Problem: Write again exactly the lines in the listing below, starting at the line with "Báo Pasaxon, cơ" and ending at the line with "Casual Long Sleeves", both included. Pictures are not copied.

Entries shown:
┌──

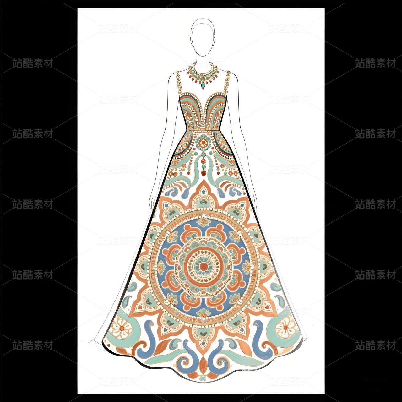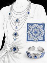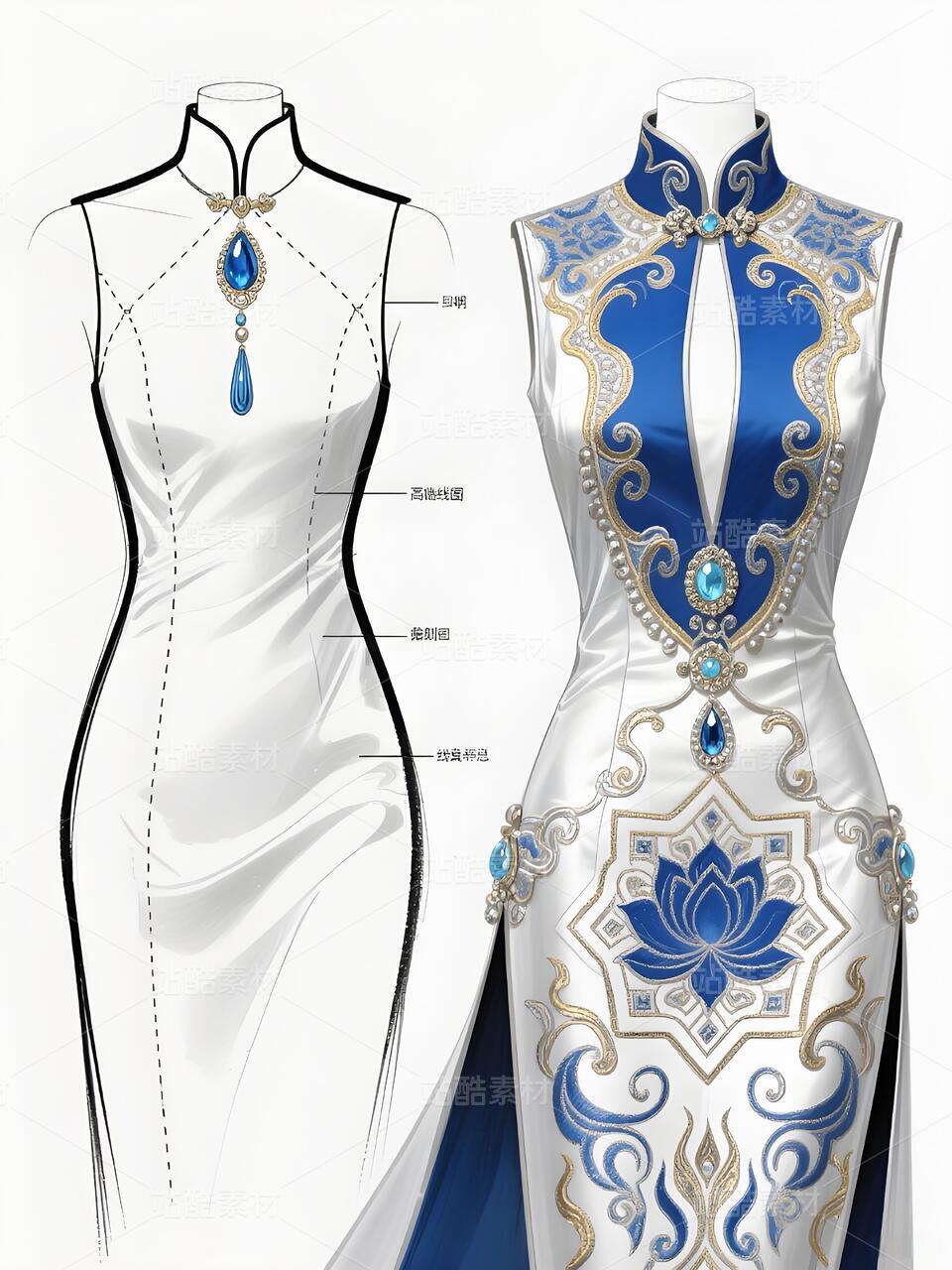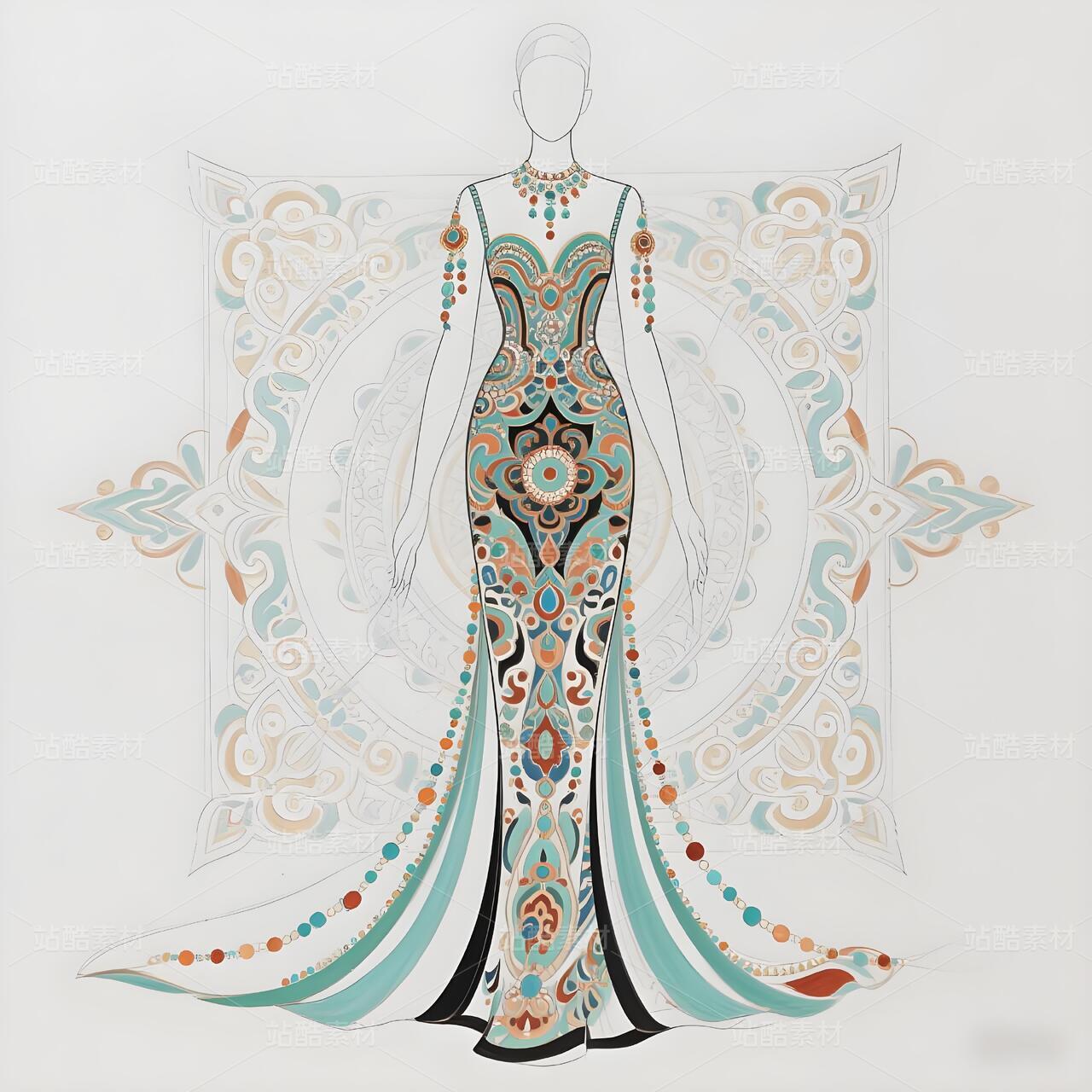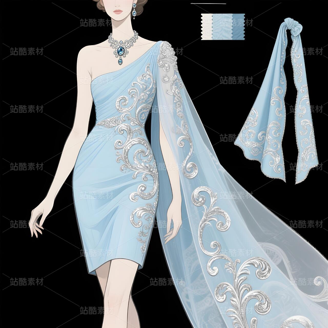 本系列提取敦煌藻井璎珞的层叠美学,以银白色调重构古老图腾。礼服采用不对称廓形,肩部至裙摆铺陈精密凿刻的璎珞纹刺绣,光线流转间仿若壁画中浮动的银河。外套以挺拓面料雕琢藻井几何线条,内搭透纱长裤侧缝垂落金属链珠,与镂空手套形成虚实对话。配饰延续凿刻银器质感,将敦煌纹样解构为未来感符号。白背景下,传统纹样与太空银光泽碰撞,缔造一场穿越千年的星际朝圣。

└──
┌──

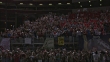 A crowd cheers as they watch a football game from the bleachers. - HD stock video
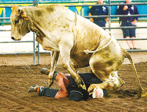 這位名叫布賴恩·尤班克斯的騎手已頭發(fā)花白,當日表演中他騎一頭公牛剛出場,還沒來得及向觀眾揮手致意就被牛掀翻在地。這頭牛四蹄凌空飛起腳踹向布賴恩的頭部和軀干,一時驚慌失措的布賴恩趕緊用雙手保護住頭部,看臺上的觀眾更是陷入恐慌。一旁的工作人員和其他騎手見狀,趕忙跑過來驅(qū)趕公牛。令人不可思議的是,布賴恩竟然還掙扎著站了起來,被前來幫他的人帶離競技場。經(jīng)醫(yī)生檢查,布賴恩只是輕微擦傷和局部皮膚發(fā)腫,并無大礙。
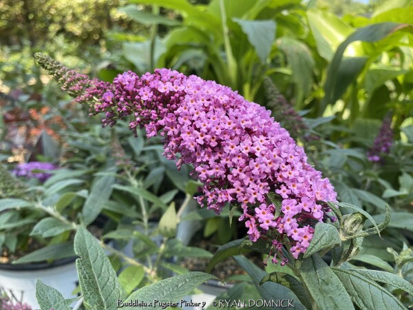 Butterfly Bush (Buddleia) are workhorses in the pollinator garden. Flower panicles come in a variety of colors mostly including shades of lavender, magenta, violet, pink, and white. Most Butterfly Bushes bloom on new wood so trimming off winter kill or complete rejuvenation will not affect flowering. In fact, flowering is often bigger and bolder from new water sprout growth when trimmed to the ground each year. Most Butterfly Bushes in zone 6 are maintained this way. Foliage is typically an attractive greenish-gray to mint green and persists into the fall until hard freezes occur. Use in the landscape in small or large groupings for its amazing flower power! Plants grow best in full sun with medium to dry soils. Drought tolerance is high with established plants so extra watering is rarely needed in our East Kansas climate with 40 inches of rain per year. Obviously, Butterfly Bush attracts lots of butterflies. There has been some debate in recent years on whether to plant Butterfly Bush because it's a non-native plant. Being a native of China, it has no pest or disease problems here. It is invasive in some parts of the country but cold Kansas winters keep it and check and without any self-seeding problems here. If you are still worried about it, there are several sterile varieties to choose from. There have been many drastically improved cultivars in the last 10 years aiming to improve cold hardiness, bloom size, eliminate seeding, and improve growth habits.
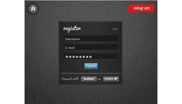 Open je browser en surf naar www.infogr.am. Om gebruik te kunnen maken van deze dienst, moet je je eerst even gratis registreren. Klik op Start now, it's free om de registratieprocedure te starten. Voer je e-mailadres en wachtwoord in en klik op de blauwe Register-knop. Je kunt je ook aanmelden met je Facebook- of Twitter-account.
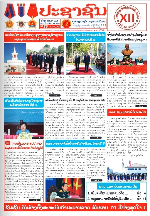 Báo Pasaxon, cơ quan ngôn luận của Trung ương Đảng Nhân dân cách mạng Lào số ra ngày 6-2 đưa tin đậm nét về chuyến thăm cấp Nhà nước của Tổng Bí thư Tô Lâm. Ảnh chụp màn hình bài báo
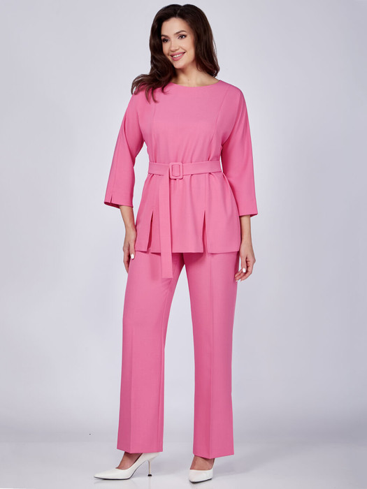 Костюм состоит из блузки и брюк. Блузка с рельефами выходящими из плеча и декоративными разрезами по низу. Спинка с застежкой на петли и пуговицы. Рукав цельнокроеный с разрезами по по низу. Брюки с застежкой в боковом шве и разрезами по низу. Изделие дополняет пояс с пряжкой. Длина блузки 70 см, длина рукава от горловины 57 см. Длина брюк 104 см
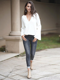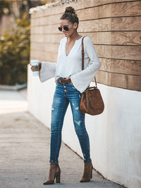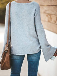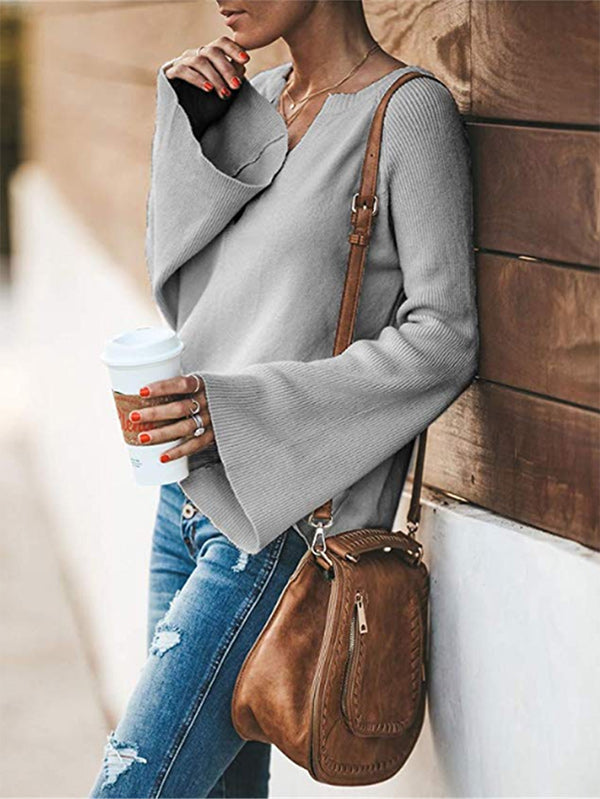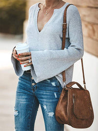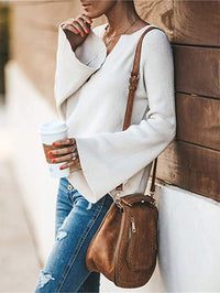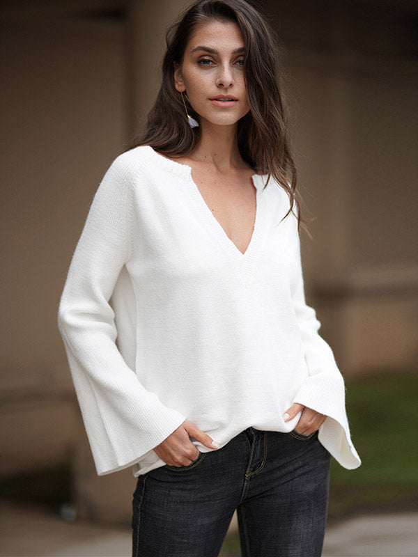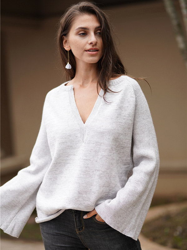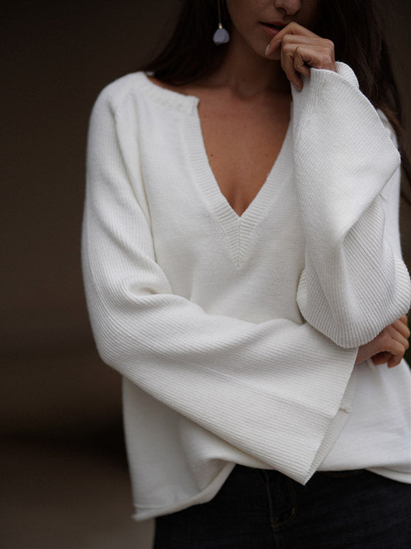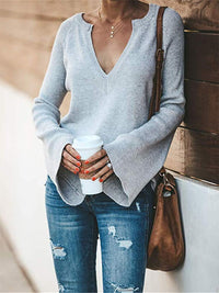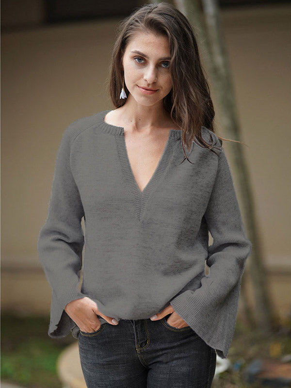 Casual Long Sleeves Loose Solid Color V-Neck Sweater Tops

└──
┌──

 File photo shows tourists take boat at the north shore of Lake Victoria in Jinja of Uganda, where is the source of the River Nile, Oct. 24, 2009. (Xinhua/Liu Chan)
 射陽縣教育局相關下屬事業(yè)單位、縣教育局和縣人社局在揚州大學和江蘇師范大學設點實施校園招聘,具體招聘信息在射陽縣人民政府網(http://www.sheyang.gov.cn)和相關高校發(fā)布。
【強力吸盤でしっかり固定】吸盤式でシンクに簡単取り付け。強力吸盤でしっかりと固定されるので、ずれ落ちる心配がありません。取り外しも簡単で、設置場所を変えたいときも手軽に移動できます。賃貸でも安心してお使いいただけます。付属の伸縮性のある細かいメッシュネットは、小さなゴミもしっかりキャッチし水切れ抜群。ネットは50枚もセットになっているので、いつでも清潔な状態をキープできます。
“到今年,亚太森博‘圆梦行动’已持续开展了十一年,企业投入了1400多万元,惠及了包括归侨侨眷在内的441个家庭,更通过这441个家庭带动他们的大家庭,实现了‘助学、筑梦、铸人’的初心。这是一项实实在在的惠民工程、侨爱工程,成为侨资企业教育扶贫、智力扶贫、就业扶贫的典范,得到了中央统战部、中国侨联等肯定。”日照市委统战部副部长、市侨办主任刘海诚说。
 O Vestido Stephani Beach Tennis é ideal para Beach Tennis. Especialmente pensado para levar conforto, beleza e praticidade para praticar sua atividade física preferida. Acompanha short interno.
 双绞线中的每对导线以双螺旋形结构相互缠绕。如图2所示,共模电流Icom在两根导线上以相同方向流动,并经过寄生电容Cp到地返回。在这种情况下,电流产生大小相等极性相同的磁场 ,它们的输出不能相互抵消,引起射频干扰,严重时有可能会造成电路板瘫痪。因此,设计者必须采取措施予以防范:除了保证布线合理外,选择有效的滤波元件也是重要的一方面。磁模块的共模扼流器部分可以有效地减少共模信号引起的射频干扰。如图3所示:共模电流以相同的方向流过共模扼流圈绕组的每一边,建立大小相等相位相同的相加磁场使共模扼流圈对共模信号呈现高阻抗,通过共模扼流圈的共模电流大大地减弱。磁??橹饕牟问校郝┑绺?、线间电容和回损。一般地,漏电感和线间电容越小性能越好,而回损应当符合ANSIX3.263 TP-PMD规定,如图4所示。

└──

Solution:
 Báo Pasaxon, cơ quan ngôn luận của Trung ương Đảng Nhân dân cách mạng Lào số ra ngày 6-2 đưa tin đậm nét về chuyến thăm cấp Nhà nước của Tổng Bí thư Tô Lâm. Ảnh chụp màn hình bài báo
 Костюм состоит из блузки и брюк. Блузка с рельефами выходящими из плеча и декоративными разрезами по низу. Спинка с застежкой на петли и пуговицы. Рукав цельнокроеный с разрезами по по низу. Брюки с застежкой в боковом шве и разрезами по низу. Изделие дополняет пояс с пряжкой. Длина блузки 70 см, длина рукава от горловины 57 см. Длина брюк 104 см
 Casual Long Sleeves Loose Solid Color V-Neck Sweater Tops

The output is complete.